System:    Host: pc02 Kernel: 4.13.3-1-ARCH x86_64 Distro: Arch Linux
Machine:   Device: desktop Mobo: ASRock model: Z270 Gaming K6
           UEFI: American Megatrends v: P2.10 date: 05/05/2017
CPU:       Quad core Intel Core i7-7700K (-HT-MCP-) cache: 8192 KB
           clock speeds: max: 4600 MHz 1: 4200 MHz 2: 4200 MHz 3: 4200 MHz 4: 4200 MHz 5: 4200 MHz 6: 4200 MHz
           7: 4200 MHz 8: 4200 MHz
Memory:    Array-1 capacity: 64 GB devices: 4 EC: None
           Device-1: ChannelA-DIMM0 size: 8 GB speed: 2133 MT/s type: DDR4
           Device-2: ChannelA-DIMM1 size: 16 GB speed: 2133 MT/s type: DDR4
           Device-3: ChannelB-DIMM0 size: 8 GB speed: 2133 MT/s type: DDR4
           Device-4: ChannelB-DIMM1 size: 16 GB speed: 2133 MT/s type: DDR4
Graphics:  Card: NVIDIA GP102 [GeForce GTX 1080 Ti]
           Display Server: X.Org 1.19.3 driver: nvidia Resolution: 3840x2160@60.00hz
           OpenGL: renderer: GeForce GTX 1080 Ti/PCIe/SSE2 version: 4.5.0 NVIDIA 384.90
Audio:     Card-1 Intel 200 Series PCH HD Audio driver: snd_hda_intel Sound: ALSA v: k4.13.3-1-ARCH
           Card-2 NVIDIA GP102 HDMI Audio Controller driver: snd_hda_intel
Network:   Card-1: Intel Ethernet Connection (2) I219-V driver: e1000e
           IF: enp0s31f6 state: up speed: 1000 Mbps duplex: full
           Card-2: Intel I211 Gigabit Network Connection driver: igb
           IF: enp112s0 state: down
           Card-3: Realtek RTL8812AE 802.11ac PCIe Wireless Network Adapter driver: rtl8821ae
           IF: wlp116s0 state: down
Drives:    HDD Total Size: 1256.3GB (27.9% used)
           ID-1: /dev/nvme0n1 model: THNSN5256GPU7_TOSHIBA size: 256.1GB
           ID-2: /dev/nvme1n1 model: TOSHIBA size: 512.1GB
           ID-3: /dev/sda model: WDC_WDBNCE0010PN size: 1000.2GB
Partition: ID-1: / size: 234G used: 90G (41%) fs: ext4 dev: /dev/nvme0n1p2
           ID-2: /boot size: 500M used: 72M (15%) fs: vfat dev: /dev/nvme0n1p1
Sensors:   System Temperatures: cpu: 28.0C mobo: 31.0C gpu: 43C
           Fan Speeds (in rpm): cpu: N/A fan-1: 1147 fan-2: 1846 fan-3: 0 fan-4: 424 fan-5: 0
Info:      Processes: 231 Uptime: 51 min Memory: 2317.7/48328.7MB Client: Shell (sudo) inxi: 2.3.40

Let me know if you need any further information.
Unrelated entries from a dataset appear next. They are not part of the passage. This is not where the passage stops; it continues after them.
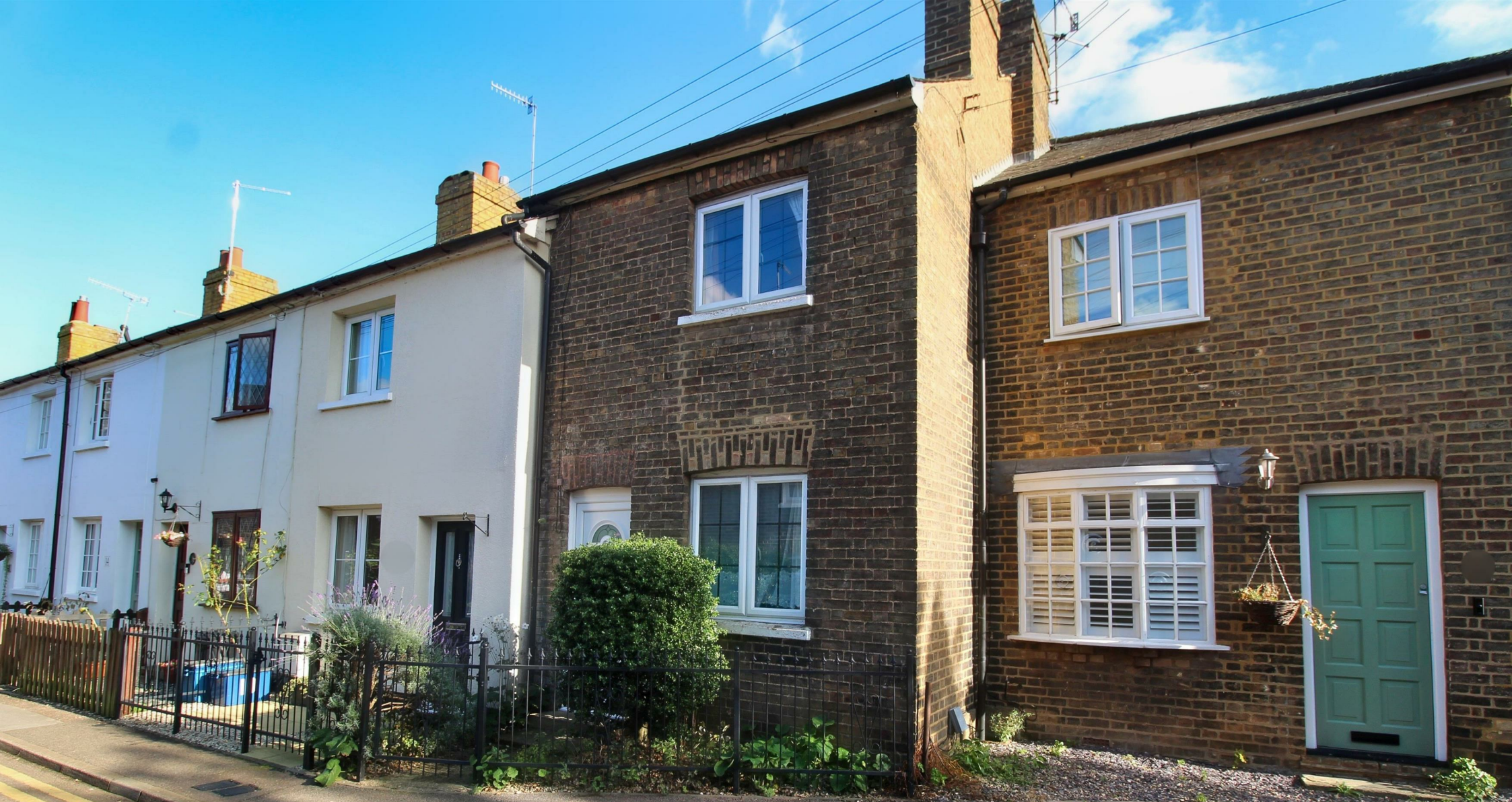
The Folly, SG14 1QD Hertford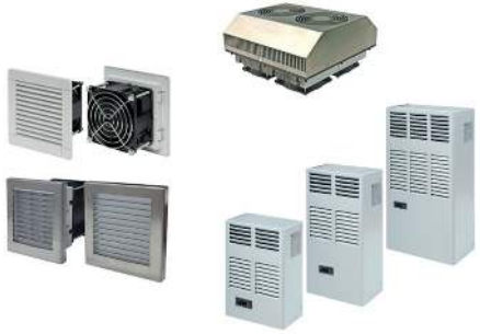
CLIMATE CONTROL SOLUTIONS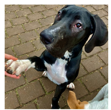
Be my friend?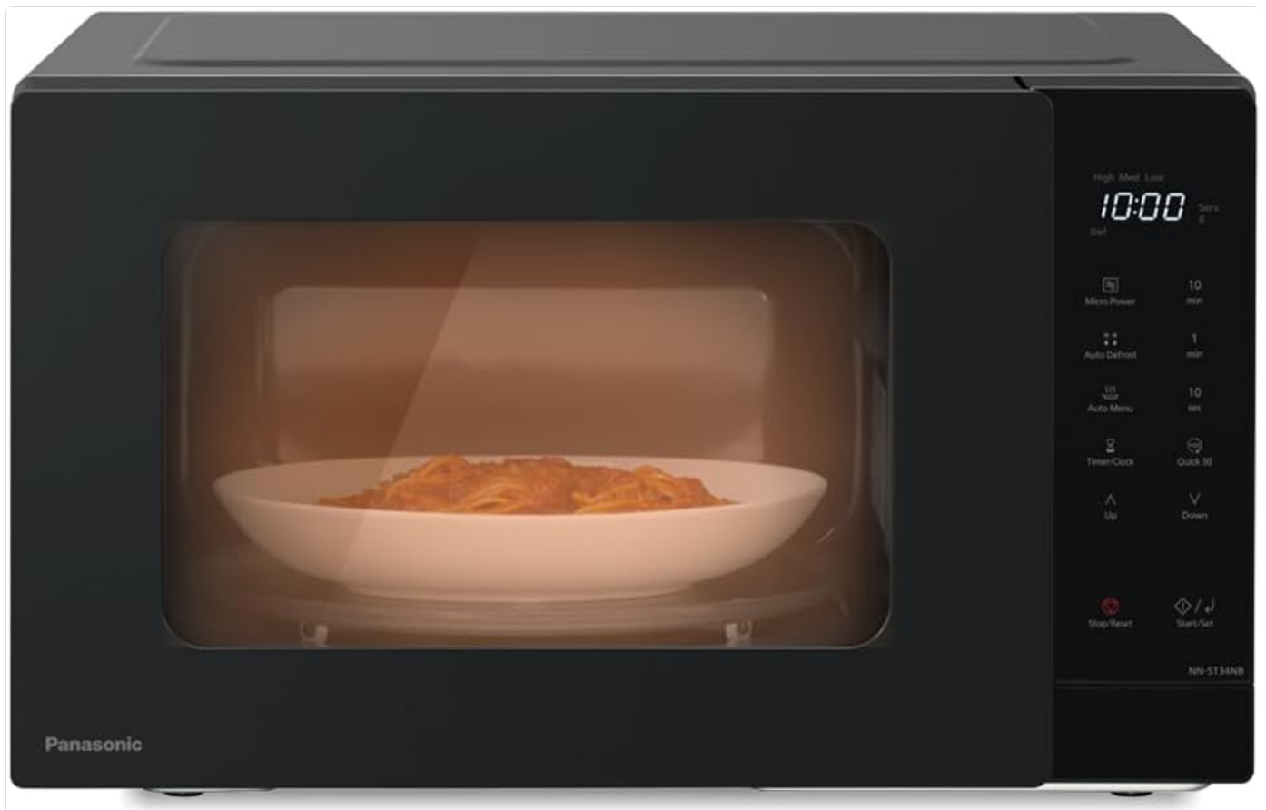
Image: Front view of the Panasonic NN-ST34NB microwave oven with a bowl of pasta heating inside, illustrating its operational state.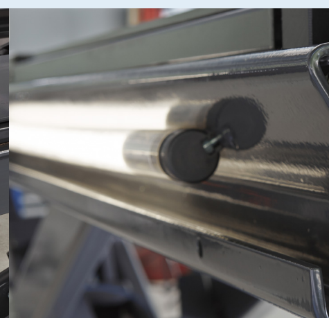
PLUS AMS VERSION (above ground installation): with wheel free lift + wheel alignment set + optional Axle Jack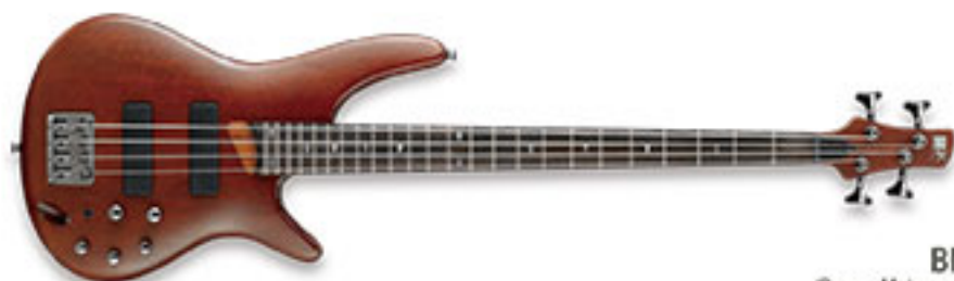
BM (Brown Mahogany)

Thanks -

Please see:
http://docs.nvidia.com/deploy/xid-errors/index.html#topic_2
http://docs.nvidia.com/deploy/xid-errors/index.html#topic_5_2

I have the same issue as Hyper_Eye mentioned. I use KDE as the main desktop, but when launch some applications, like krita, opera, chrome, VS code etc, it triggered the error.

Repost it here as I post it on https://devtalk.nvidia.com/default/topic/1025701/linux/gtx-970-with-kde-kwin-nvrm-xid-pci-0000-01-00-31-ch-00000028-engmask-0000-/

I know how to reproduce this error now. and also I found another interesting point with this defect.

Reproduce steps.
Cold start the system (reboot works too), enter kde through sddm. then launch krita either from krunner or from latte-dock, but not from konsole window. it will freeze the whole desktop. only mouse cursor is movable.

Interesting finding is.
Once the desktop froze, login the system through ssh, and run systemctl restart sddm, then repeat the steps above, the error doesn’t appear.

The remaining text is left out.